▸ Your assignment: From the first line to the last, copy the material exactly and leave the pictures out.

═══ Input data

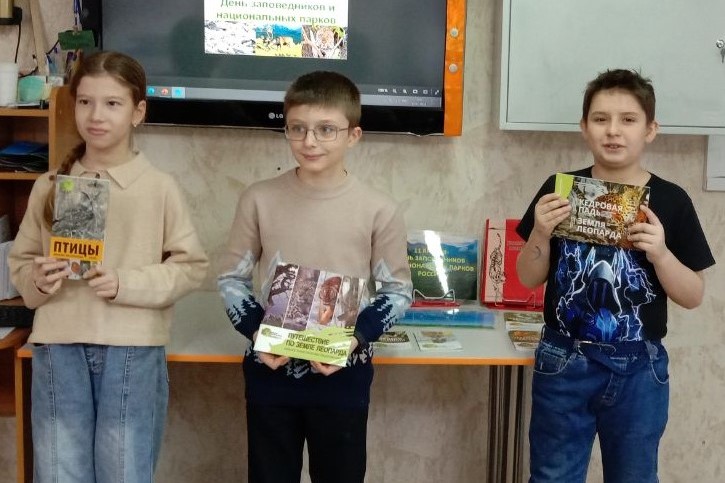 Библиотека № 14 организовала 11 января экологический час для воспитанников ДОУ № 160. В ходе беседы дети узнали о том, для чего создаются заповедники, какие заповедники и национальные парки есть на территории России, узнали об особо охраняемых территориях Приморского края, вспомнили и обсудили правила поведения в природе. Ребята посмотрели презентацию «До чего волнуют душу эти заповедные места».
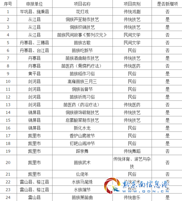 6月4日,貴州省人民政府公布了第五批省級非物質文化遺產代表性項目名錄,全省共計224項315處,其中新增項共152項174處,擴展項72項141處。黔東南州入選52項64處,入選總數占全省23%,位列全省前茅,其中新增項26項27處,占全省新增項的17%,擴展項26項37處,占全省擴展項的36%。截至目前,黔東南州共有省級非遺代表性項目218項306個保護點,位列全省第一。
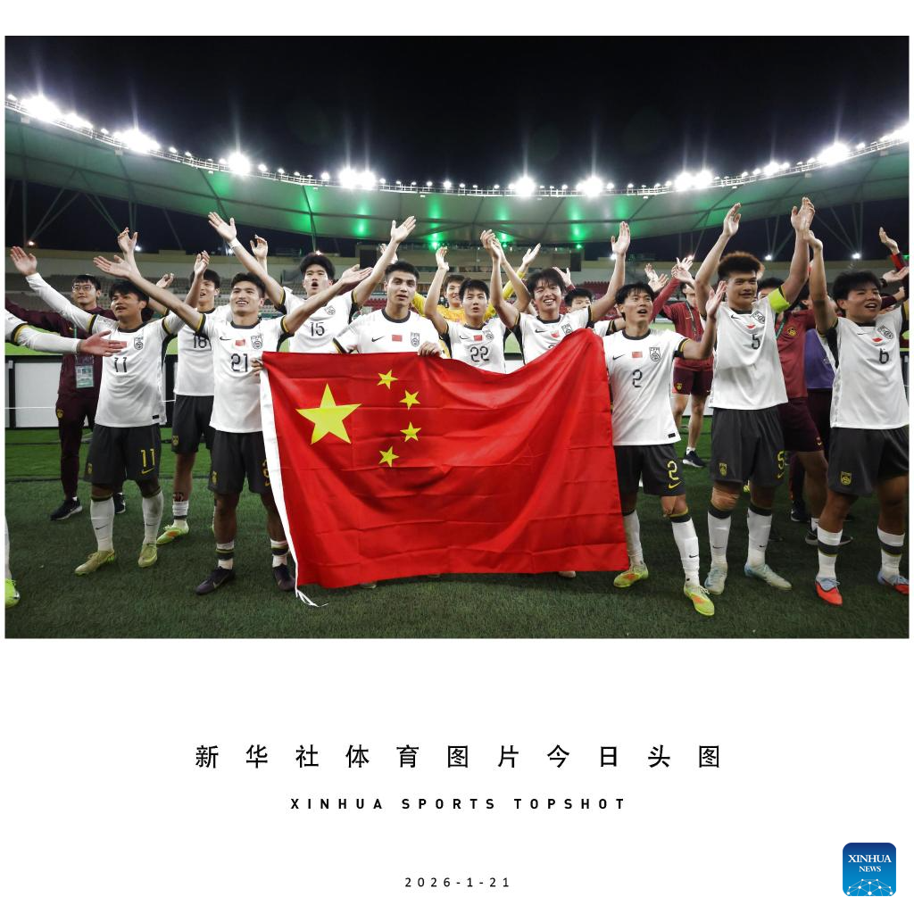 Players of China celebrate after winning the 2026 AFC U23 Asian Cup semifinal match between China and Vietnam in Jeddah, Saudi Arabia, Jan. 20, 2026. (Xinhua/Wang Haizhou)
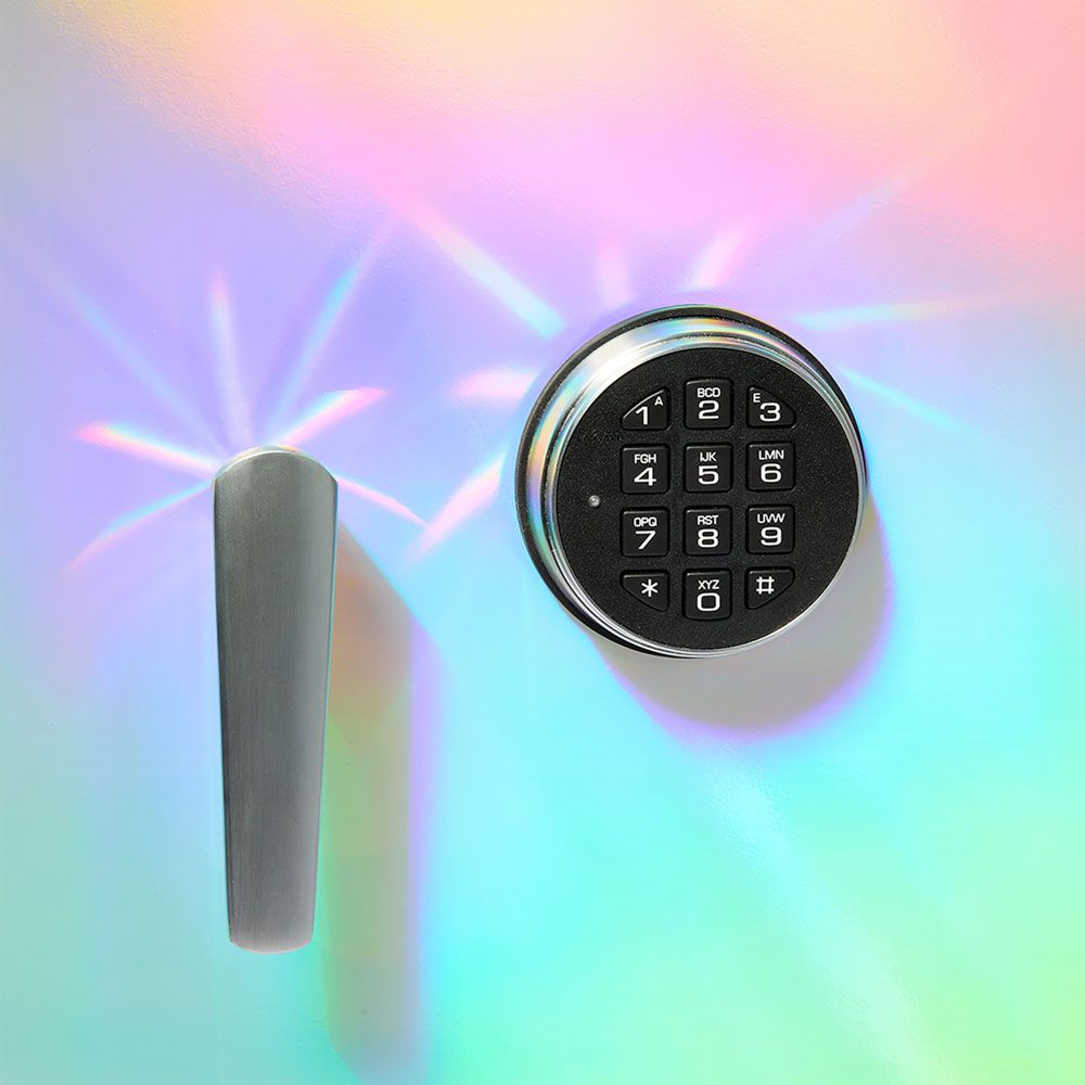 The Bea Bongiasca Collection is inspired by the eclectic Italian jewelry designer by the same name from the WOLF 1834 Brand. Taking inspiration from the world of Pop-art with contemporary colors and design, the watch winding and storage safes offer premium protection and security incorporating playful fun with style. Certified by the UL (Underwriters Laboratory), and equipped with a Palusol® fire sealed door with keypad combination lock your valuables will be safe within. The 4-unit watch winding safe is composed of an armored plated steel frame painted with high gloss iridescent lacquered finish and with polished chrome hardware. The interior has several colorful vegan leather covered storage drawers lined in a soft decorative embroidered micro-suede with a variety of interior storage compartment combinations. Fitted with 4 removable bi-colored watch cuffs to accommodate watches up to 52mm in size is easily viewable with interior LED lighting.

══════

▸ Response below:
 Библиотека № 14 организовала 11 января экологический час для воспитанников ДОУ № 160. В ходе беседы дети узнали о том, для чего создаются заповедники, какие заповедники и национальные парки есть на территории России, узнали об особо охраняемых территориях Приморского края, вспомнили и обсудили правила поведения в природе. Ребята посмотрели презентацию «До чего волнуют душу эти заповедные места».
 6月4日,貴州省人民政府公布了第五批省級非物質文化遺產代表性項目名錄,全省共計224項315處,其中新增項共152項174處,擴展項72項141處。黔東南州入選52項64處,入選總數占全省23%,位列全省前茅,其中新增項26項27處,占全省新增項的17%,擴展項26項37處,占全省擴展項的36%。截至目前,黔東南州共有省級非遺代表性項目218項306個保護點,位列全省第一。
 Players of China celebrate after winning the 2026 AFC U23 Asian Cup semifinal match between China and Vietnam in Jeddah, Saudi Arabia, Jan. 20, 2026. (Xinhua/Wang Haizhou)
 The Bea Bongiasca Collection is inspired by the eclectic Italian jewelry designer by the same name from the WOLF 1834 Brand. Taking inspiration from the world of Pop-art with contemporary colors and design, the watch winding and storage safes offer premium protection and security incorporating playful fun with style. Certified by the UL (Underwriters Laboratory), and equipped with a Palusol® fire sealed door with keypad combination lock your valuables will be safe within. The 4-unit watch winding safe is composed of an armored plated steel frame painted with high gloss iridescent lacquered finish and with polished chrome hardware. The interior has several colorful vegan leather covered storage drawers lined in a soft decorative embroidered micro-suede with a variety of interior storage compartment combinations. Fitted with 4 removable bi-colored watch cuffs to accommodate watches up to 52mm in size is easily viewable with interior LED lighting.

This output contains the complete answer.